Ramiro, before he dies and while he still has revenge of his own to enact, tells the local priest that the holdouts are “like God: we see everything from up there” in their hidden cave high on the hillside (93). And the narrator, the last of the group, is an angel by name and perhaps also by nature when he tells us he has “descended” at last, to visit his father’s grave (137). But he is also aware he has become “a pest for real,” “a pest whose proximity spooks both humans and animals” (125). He stands in no doubt for a memory that has to be erased for his loved ones to lead anything like a normal life. In the end, indeed, you can’t help feeling sympathy for them. His soul, he tells us, is “white” but also “rotten” (145). He is the living dead, a zombie as much as a revenant. When his sister tells him that “this land has no forgiveness. This land is cursed for you” (151), she is speaking out of simple realism.

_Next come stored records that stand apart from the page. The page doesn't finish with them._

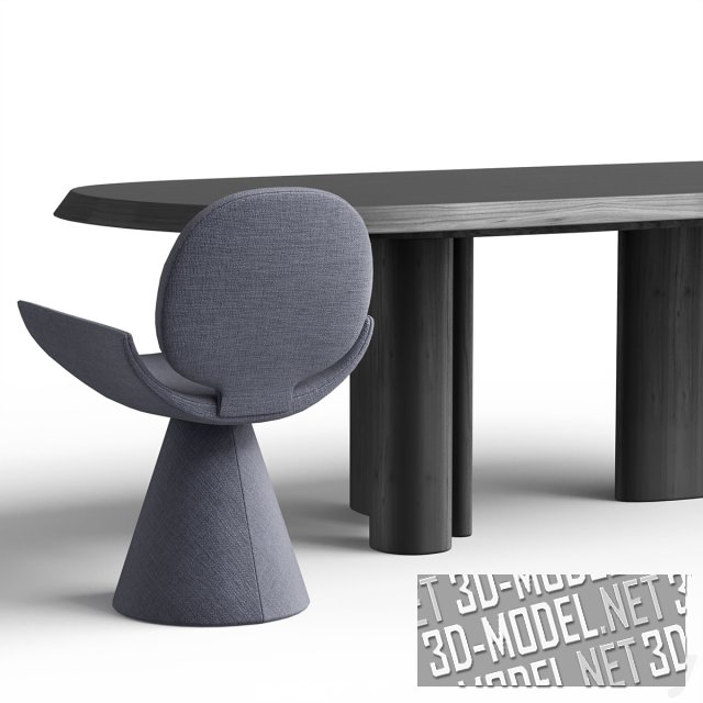 Современный овальный стол Padiglioni с текстурой дерева серого цвета и стул Youpi от BONALDO. Опора кресла выполнена в виде усеченного конуса. На нем закреплено выгнутое сиденье. Аккуратная круглая спинка, сиденье и опора обиты серым текстилем. Габарит стула: 55х58х82см.
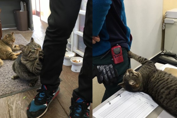 ▼牠們會睡在辦公室門口阻擋同事們進出,還會懶洋洋躺在辦公桌上。不僅如此,同事工作時牠們會跳入懷中、跳上辦公桌求抱抱、求摸摸,甚至將爪爪搭在同事頭上,似乎在說:「把零食全都交出來!」
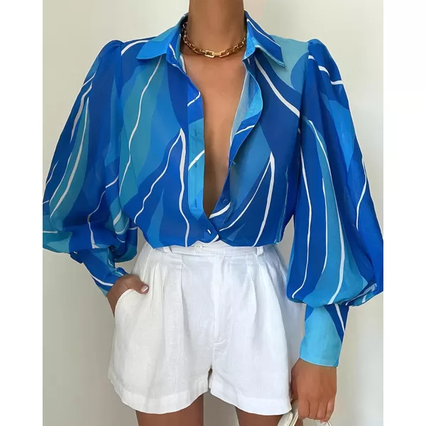 Save up to 40% on BTFBM Women Fashion Button Down Shirts Lapel V Neck Printed Boho Long Sleeve Blouses Dressy Casual Summer Spring Tops(Multi Blue) styles during our end-of-season sale.
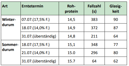 | Prüfung der Qualität bei Winterdurum - Erntezeitpunkte | |
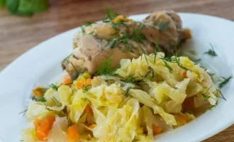 - مرغ. فیله را در آب نمک همراه با برگ بو، فلفل و شوید بجوشانید. سرد کنید و به الیاف نازک بریزید.
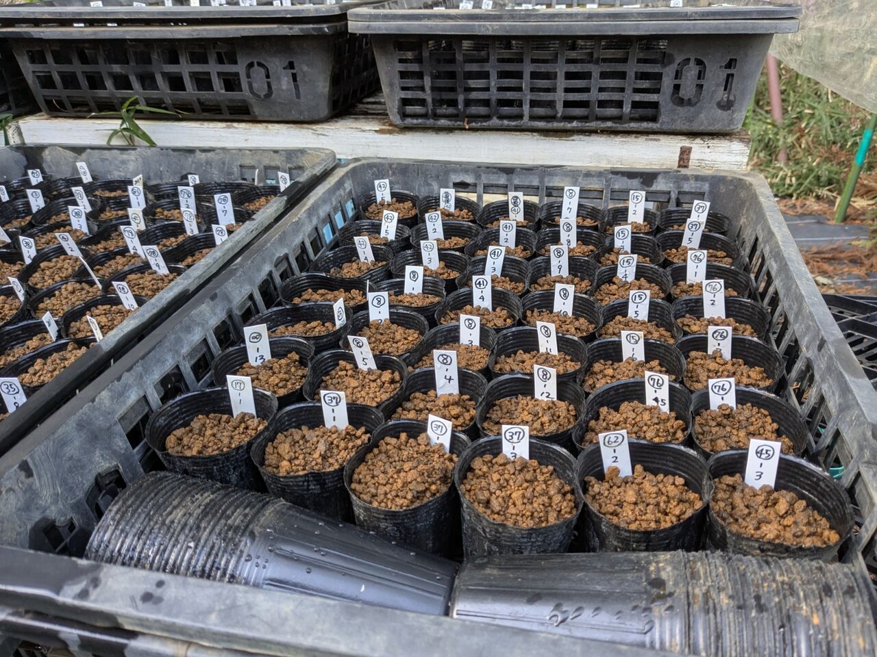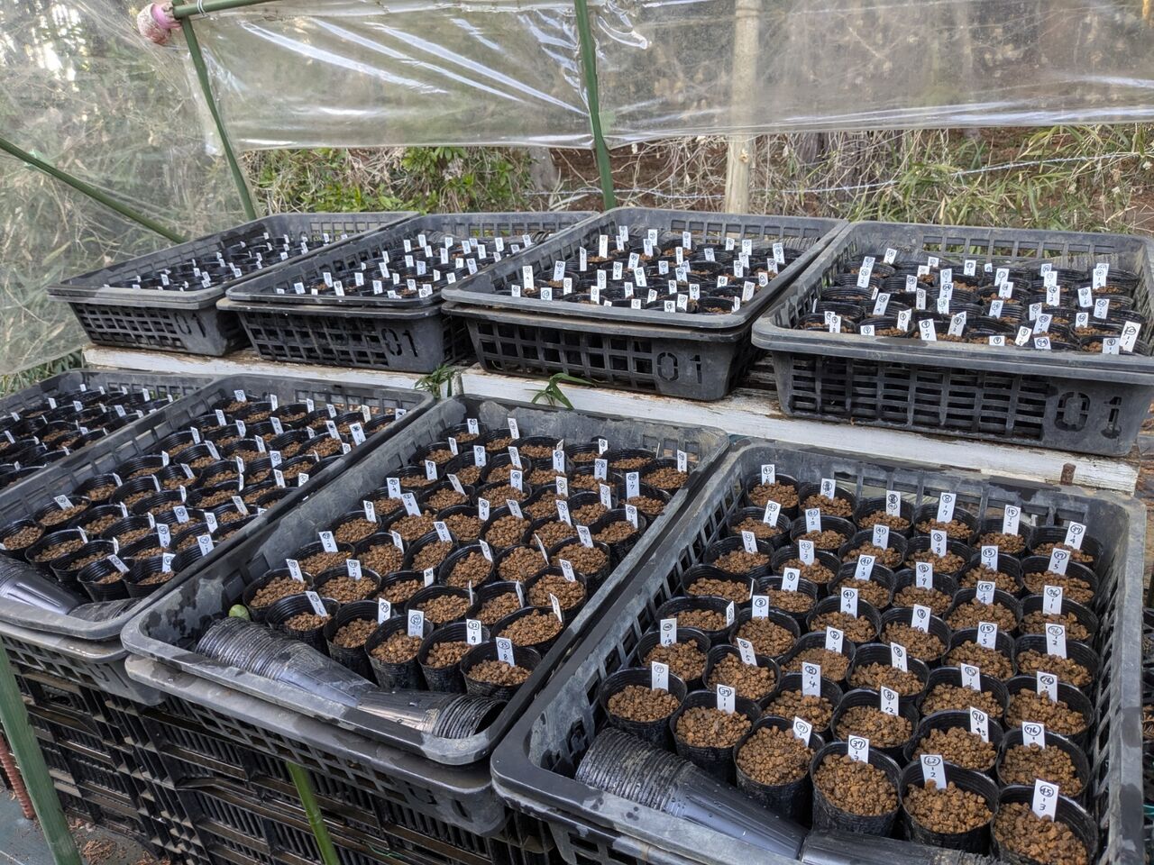 バラの種まき 2025年03月08日 09:30 今日は交配班の集まりでした昨年春に交配をして、秋に種をとり、冬の間土の中で保管していたものを播きました今回の交配では1つの実に10個以上の種が入っているものが多かったです、すでに発芽発根している姿はまるでモヤシのようでした1つのポットにひと粒ずつ、合計326粒さあ!これから毎週「発芽したかなぁ💕」と覗き込むのが楽しみな期間が続きますそしてあと2ヶ月もしたらまた新たな交配作業が始まります!それまでに施肥、残りの誘引や剪定などやる事はたくさんです、来週も頑張りましょう! 「接ぎ木・挿し木・挿し芽・交配」カテゴリの最新記事 < 前の記事次の記事 >

But then there is the performative contradiction of the novel itself. It seems to be arguing for forgetfulness, in favour of the wholesale oblivion to which the Republican cause was consigned at the end of the war. It makes little effort to ingratiate either the so-called wolves or the lost cause as a whole with us: we are told, for instance, that Angel was once a teacher, but have little sense of his past life and still less idea as to why he took up arms for the Republic. The case it seems to be making is the same one made by the villagers, that these men are better off dead, that the past should remain firmly past. And yet it does so precisely by resurrecting these restless ghosts, by returning to their still-fresh graves. For something to be forgotten it first has to be remembered, and Luna de lobos is as much about remembering the collective edict to forget as it is about repeating it.